**RECORDED INFORMATION:**
- - - - -

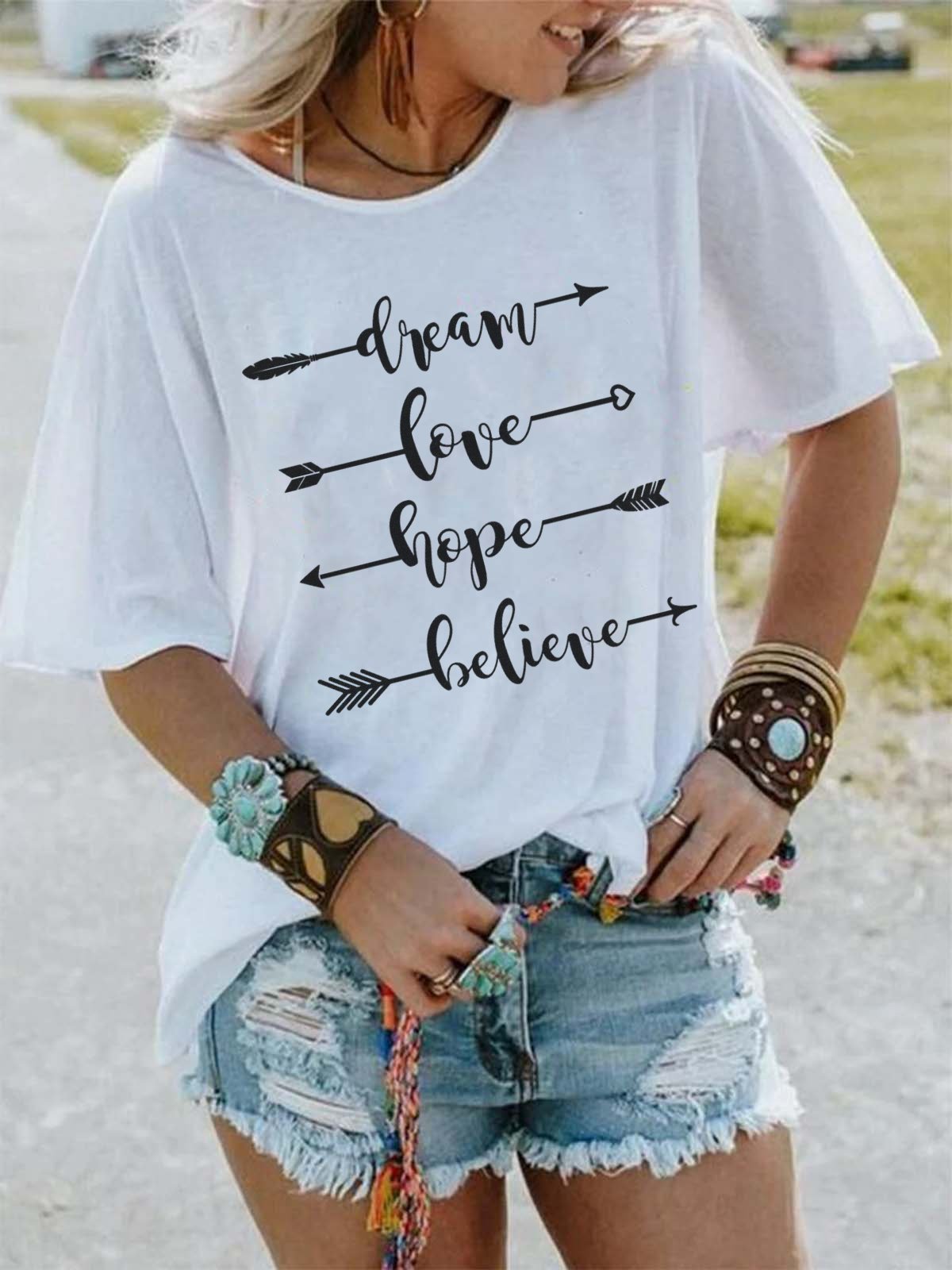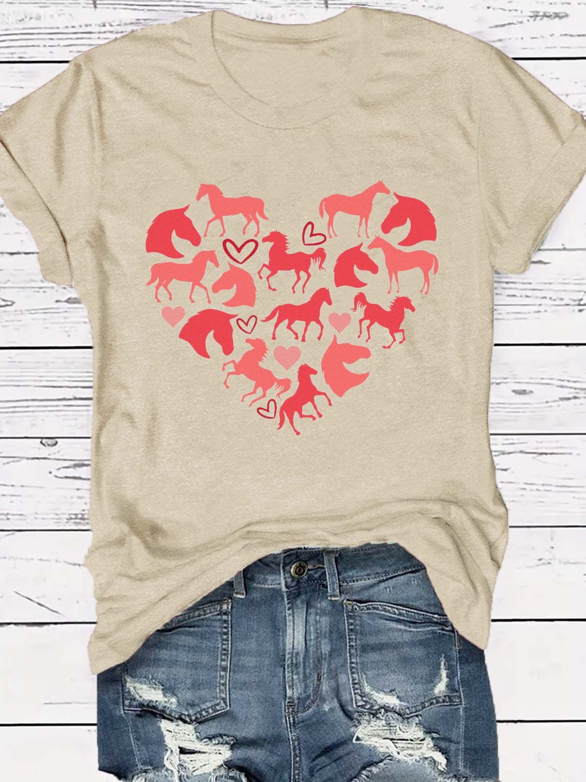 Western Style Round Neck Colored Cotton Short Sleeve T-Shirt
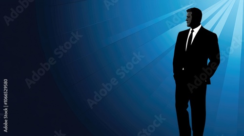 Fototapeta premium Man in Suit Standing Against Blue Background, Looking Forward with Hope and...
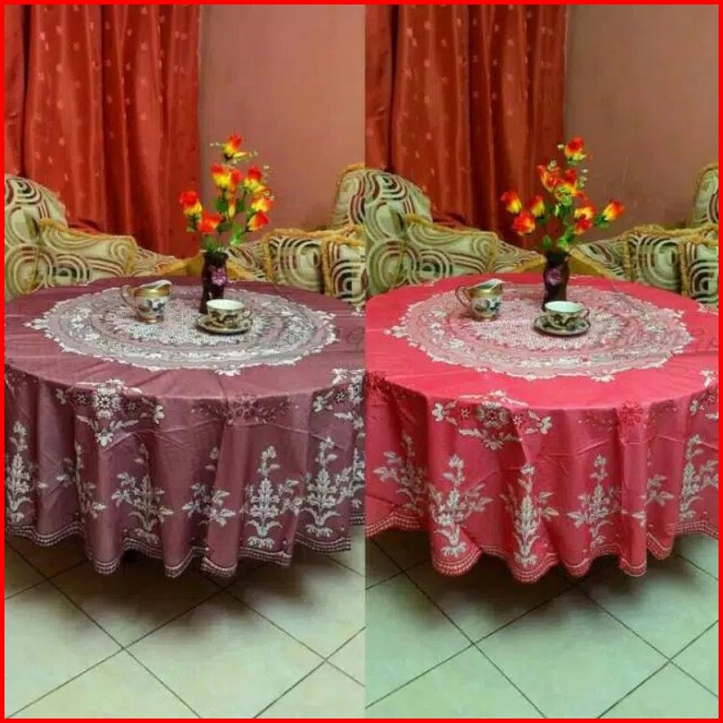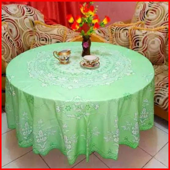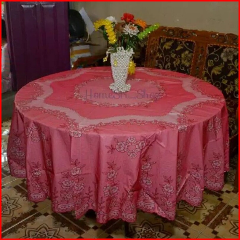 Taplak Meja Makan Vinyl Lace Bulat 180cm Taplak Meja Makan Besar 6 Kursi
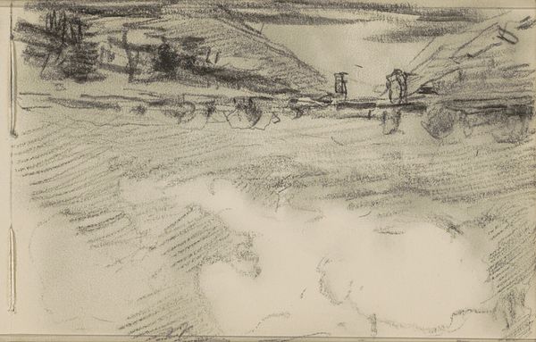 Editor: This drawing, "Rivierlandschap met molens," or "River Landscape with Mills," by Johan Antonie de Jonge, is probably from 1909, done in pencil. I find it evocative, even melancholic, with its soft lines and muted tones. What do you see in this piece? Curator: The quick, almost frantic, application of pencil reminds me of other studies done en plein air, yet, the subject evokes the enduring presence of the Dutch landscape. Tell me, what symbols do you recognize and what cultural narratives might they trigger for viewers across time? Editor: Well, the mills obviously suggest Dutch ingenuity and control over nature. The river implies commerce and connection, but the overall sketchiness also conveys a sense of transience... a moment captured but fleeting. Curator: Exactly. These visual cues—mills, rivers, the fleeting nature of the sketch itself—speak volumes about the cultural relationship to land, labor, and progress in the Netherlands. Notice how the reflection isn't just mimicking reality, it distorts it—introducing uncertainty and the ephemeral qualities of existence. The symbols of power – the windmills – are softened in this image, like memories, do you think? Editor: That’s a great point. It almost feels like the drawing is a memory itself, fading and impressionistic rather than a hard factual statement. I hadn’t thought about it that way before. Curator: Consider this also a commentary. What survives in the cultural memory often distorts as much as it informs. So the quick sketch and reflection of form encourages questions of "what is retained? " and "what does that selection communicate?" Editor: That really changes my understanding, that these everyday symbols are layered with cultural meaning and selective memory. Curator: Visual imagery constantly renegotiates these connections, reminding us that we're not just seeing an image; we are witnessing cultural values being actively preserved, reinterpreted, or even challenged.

- - - - -

The required output is an exact copy of the lines from the start of the material above through the line containing "Taplak Meja Makan Vinyl", inclusive, with no pictures in it.

**PROBLEM SOLUTION:**
 Western Style Round Neck Colored Cotton Short Sleeve T-Shirt
 Fototapeta premium Man in Suit Standing Against Blue Background, Looking Forward with Hope and...
 Taplak Meja Makan Vinyl Lace Bulat 180cm Taplak Meja Makan Besar 6 Kursi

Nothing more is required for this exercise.